如何使用python有条件地从txt文件中删除行序列

NAME: C11H11NO5; PlaSMA ID-967 PRECURSORMZ: 238.0712 PRECURSORTYPE: [M+H]+ FORMULA: C11H11NO5 Ontology: Formula predicted INCHIKEY: SMILES: RETENTIONTIME: 1.74 CCS: -1 IONMODE: Positive COLLISIONENERGY: Comment: Annotation level-3; PlaSMA ID-967; ID title-AC_Bulb_Pos-629; Max plant tissue-LE_Ripe_Pos Num Peaks: 2 192.06602 53 238.0757 31 NAME: Malvidin-3,5-di-O-glucoside; PlaSMA ID-3141 PRECURSORMZ: 656.19415 PRECURSORTYPE: [M+H]+ FORMULA: C29H35O17 Ontology: Anthocyanidin O-glycosides INCHIKEY: CILLXFBAACIQNS-UHFFFAOYNA-O SMILES: COC1=CC(=CC(OC)=C1O)C1=C(OC2OC(CO)C(O)C(O)C2O)C=C2C(OC3OC(CO)C(O)C(O)C3O)=CC(O)=CC2=[O+]1 RETENTIONTIME: 2.81 CCS: 241.3010517 IONMODE: Positive COLLISIONENERGY: Comment: Annotation level-1; PlaSMA ID-3141; ID title-Malvidin-3,5-di-O-glucoside; Max plant tissue-Standard only Num Peaks: 0

lines[indices[diff14[0]]: indices[diff14[1]]] lines[indices[diff14[1]+1] : indices[diff14[2]]] lines[indices[diff14[2]+1] : lines[indices[diff14[3]]]] lines[indices[diff14[3]+1] : indices[diff14[4]]]

3条回答

网友

1楼 · 编辑于 2024-06-28 11:33:58

下面是一种处理文件的相当简单的方法

打开数据文件并遍历其行，将它们存储在列表（缓存）中。如果一行以NAME:开头，则该行是新记录的开头，如果缓存不是空的，则可以打印缓存

如果该行以Num Peaks:开头，则检查该值。如果为零，则缓存被清空，导致此记录被遗忘

跳过仅包含空格的行

with open('data') as f:
    line_cache = []
    for line in f:
        if line.startswith('NAME:'):
            if line_cache:
                print(*line_cache, sep='')
                line_cache = []
        elif line.startswith('Num Peaks:'):
            num_peaks = int(line.partition(': ')[2])
            if num_peaks == 0:
                line_cache = []
                continue

        if line.strip():        # filter empty lines
            line_cache.append(line)

    if line_cache:    # don't forget the last record
        print(*line_cache, sep='', end='')

输出到标准输出。它可以重定向到shell环境中的文件中。
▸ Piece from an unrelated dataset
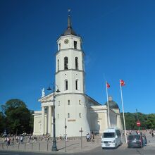 添乗員ツアーにて。ヴィリニュス市街の観光で、大聖堂前でバスを降りました。真っ先に目に入るのはやはりこれ。堂々とした鐘楼で、後ろの大聖堂にぜんぜん負けていません。のぼれるのですが、時間がなくてかないませんでした、次は必ず。

如果要直接写入文件，可以在开始时打开它并修改print()语句：

with open('output', 'w') as output, open('data') as f:
    ...

并将print()更改为

print(*line_cache, sep='', file=output)

网友

2楼 · 编辑于 2024-06-28 11:33:58

# Open / read tmp file created with the text you supplied
filedat = open('tmpWrt.txt','r')
filelines = filedat.readlines()

# Open output file object
file_out = open('tmp_out.txt','w')

line_count = 0

# Iterate through all file lines
for line in filelines:
    # If line is beginning of section
    # reset tmp variables
    if line != "\n" and line.split()[0] == "NAME:":
        tmp_lines = []
        flag = 'n'

    tmp_lines.append(line)
    line_count += 1

    # If line is the end of a section and peaks > 0
    # write to file
    if (line == "\n" or line_count == len(filelines)) and flag == 'y':
        #tmp_lines.append("\n")
        for tmp_line in tmp_lines:
            file_out.write(tmp_line)

    # If peaks > 0 set flag to "y"
    if line != "\n" and line.split()[0] == "Num":
            if int(line.split()[2]) != 0:
                flag = "y"

file_out.close()

网友

3楼 · 编辑于 2024-06-28 11:33:58

这并不像其他答案那样紧凑和高效，但希望它更容易理解和扩展

我建议的方法是将您的输入解析为列表列表，每个元素包含一个化合物。我建议三个步骤：（1）将数据解析为化合物列表，（2）迭代此化合物列表，删除您不需要的化合物，（3）将列表输出回文件。根据文件的大小，可以在数据上使用1个循环，也可以使用3个单独的循环

# Step (1) Parse the file
compounds = list() # store all compunds
with open('compound.txt', 'r') as f:
    # stores a single compound as a list of rows for a given compound.
    # Note: can be improved to e.g. a dictionary or a custom class
    current_compound = list()
    for line in f:
        if line.strip() == '': # assumes each compound is split by empty line(s)
            print('Empty line')
            # Store previous compound
            if len(current_compound) != 0:
                compounds.append(list(current_compound))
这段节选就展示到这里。